As soon as our characters collide with the army of the dead, however, those complex legacies go by the wayside. One by one, a procession of indistinguishable extras fall to the horde, even as our main characters—with the exception of Thoros, who succumbs to his wounds from the earlier battle—manage to prevail, their survival ensured by their still unfinished stories. Instead of complicating their connections to one another, the fight primarily serves to dramatize the enormity of the Night King’s menace. Even our heroes’ signature weapons seem to switch hands interchangeably: Tormund wields Gendry’s hammer—the icon of his relationship to his father, Robert Baratheon—in the early going, and the Hound seems to pick it, or something that looks a great deal like it, up later. Viserion the dragon may die, and Benjen Stark may sacrifice himself, but for all the sense of epic occasion, the proceedings still feel almost perfunctory, unshackled as they are from the events unfolding elsewhere and those yet to play out.
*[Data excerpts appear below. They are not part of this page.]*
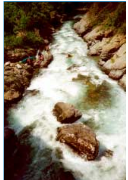
Francie - řeka Roya

A teď zpátky na cestu. Ještě v neděli večer jsme se přesunuli na krásnou, ale dost těžkou řeku Guil (WW III - V). Spali jsme pod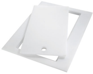
HPDE Twin 砧板 8644 101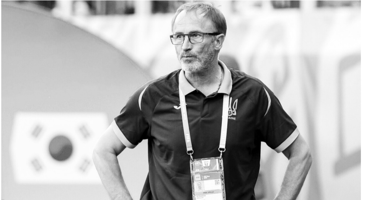
Олександра Петракова призначили новим керманічем першої футбольної збірної України.

До подальших виступів у відборі на ЧС-2022 збірну України готуватиме Олександр Петраков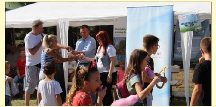
A programot elsősorban a családokra építették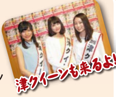
津クイーンも来るよ!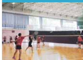
バドミントン(女子)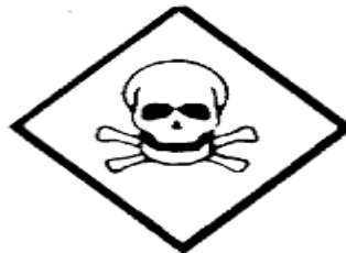
Extremadamente tóxico (Ia) Altamente tóxico (Ib)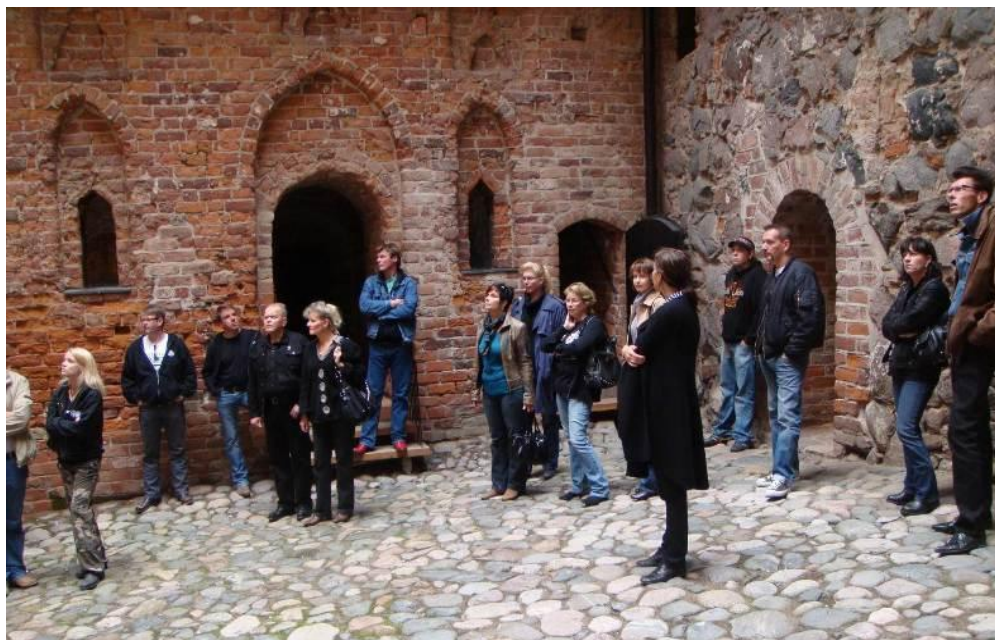
Ajokauden päättäjäisiä vietettiin vuonna 2009 Hämeenlinnassa. Ja ihan kirjaimellisestikin. Kuvassa FMA:n ryhmää kuuntelemassa Hämeen Linnan oppaan hämmästyttäviä kertomuksia keskiaikaisesta elämästä.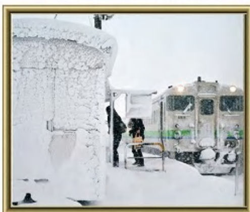
『豪雪の駅』 越知俊行(東京都荒川区)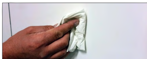
4. Torka ytan ren och torr.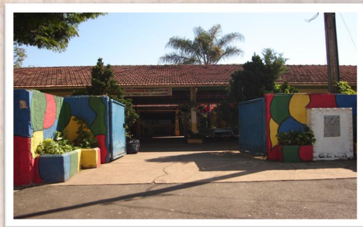
Fachada da Escola em 2006.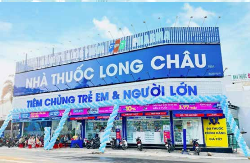
Mô hình trung tâm Tiêm chủng tích hợp bên trong Nhà thuốc Long Châu.

FPT Long Châu cũng luôn đồng hành cùng cộng đồng trong việc nâng cao kiến thức bệnh học, nhằm giảm gánh nặng về y tế, kinh tế cho người bệnh và xã hội. Không chỉ là những người tư vấn về thuốc, đội ngũ dược sĩ Long Châu còn cung cấp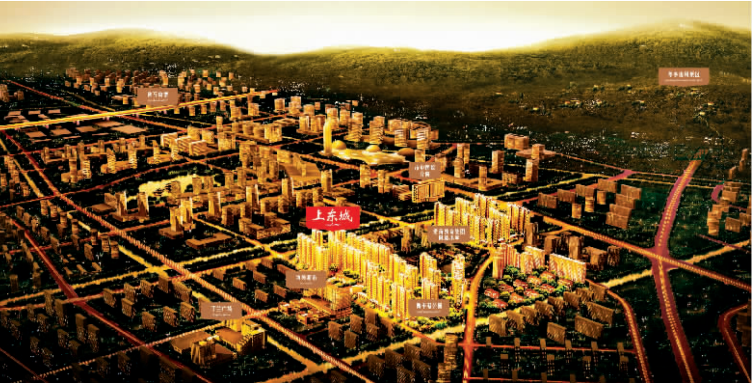
广宇·上东城区示意图

在下一步的实施方案中,杭州公交集团还将重点解决“丁桥与城西连接线”、“丁桥与九堡客运中心连接线”、“丁桥与半山连接线”以及“建成线路的新城穿越连接”等问题,“致力于几个新城,特别是丁桥区域公共交通的配套”。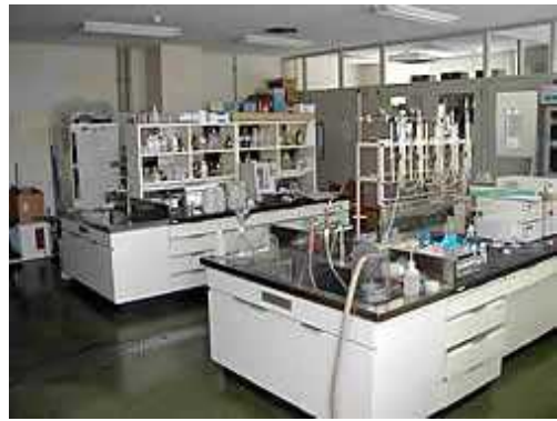
企業局西部事務所水質検査室

The episode drives this home further when we leap to south to Winterfell, where Arya and Sansa continue to feud. Driven by grudges that have been brewing since the pilot, their mutual frustration has real resonance, but it also feels detached from the more important developments playing out elsewhere, since its scale and stakes are so much smaller. In one jagged scene, Littlefinger advises Sansa to turn to Brienne for protection from her sister, and in another Sansa sends Brienne to King’s Landing in her stead. Perhaps she’s concerned about Arya’s growing bond with the knight, but the decision still rings hollow. It feels like showrunners David Benioff and D.B. Weiss are simply shoving pieces around a board rather than moving them according to the dictates of their existing relationships, like an impatient chess player who’s suddenly abandoned the rules.

Much has been made of Game of Thrones’ increasingly incoherent relationship to time and place. As Kathryn VanArendonk suggests, its sudden leaps from one place to another may be forgivable; even without cockamamie theories to explain them, we can and should accept that some of those shifts make for better storytelling. Nevertheless, they may also speak to the show’s larger problem: its inability to find a balance between its complex political maneuverings and the more familiar framework of heroic fantasy. In its early years, the series used the former to undermine the latter’s familiar progression—as it did when it killed off honorable patriarch Ned Stark—but those same tropes now threaten to overwhelm everything that once made the show compelling.

As Game of Thrones careens toward its conclusion, with six final episodes projected to arrive in 2019, we can only hope that its showrunners pull their story back onto solid ground. In a trailer for the coming season finale, “The Dragon and the Wolf,” Jon somberly intones, “There is only one war that matters. And it is here.” It’s a pronouncement that promises an end to the incoherence that has bedeviled the show for too long. But it may come too late for a story that has already lost its way.